Edit: Here is the only rule for innate spell casting, found in the MM page 10 you can see that some parts of spell casting were removed, but components are not among those parts thus the general rule still applies:

Innate SpellcastingA monster with the innate ability to cast spells has the Innate Spelllcasting special trait. Unless noted otherwise, an innate spell of 1st level or higher is always cast at its lowest possible level and can't be cast at a higher level. If a monster has a cantrip where its level matters and no level is given, use the monster's challenge rating.
An innate spell can have special rules or restrictions. For example, a drow mage can innately cast the levitate spell, but the spell has a “self only” restriction, which means that the spell affects only the drow mage.
A monster's innate spells can't be swapped out with other spells.
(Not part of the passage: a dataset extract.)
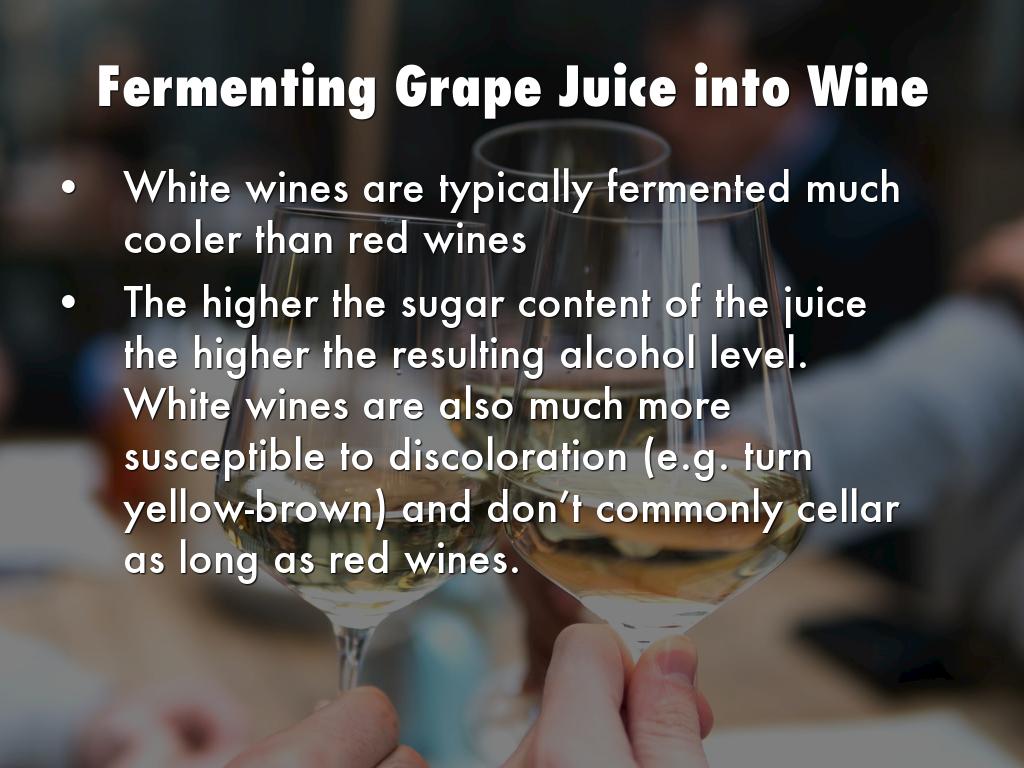 The higher the sugar content of the juice the higher the resulting alcohol level. White wines are also much more susceptible to discoloration (e.g. turn yellow-brown) and don’t commonly cellar as long as red wines.

If a monster's innate spells don't require attack rolls, no attack bonus is given for them.

Zacchaeus
January 1st, 2019, 19:47
Here's a link to a post (https://www.fantasygrounds.com/forums/showthread.php?35937-How-to-Automate-effects-on-NPCs) about the wording you should use to automate certain effects in NPC's. I could be wrong but I think the two posts above don't really answer the question that you asked.

You should include a trait as noted in that post headed Innate Spellcasting and use the wording and the spell list so that the spells are populated correctly when the NPC is placed on the CT. The phrase 'no material components' I think is sufficient indication that material components aren't needed in order for the creature to cast its spells. The phrase is just there for convenience since Fantasy Grounds does not track material components or the fact that they may or may not be required.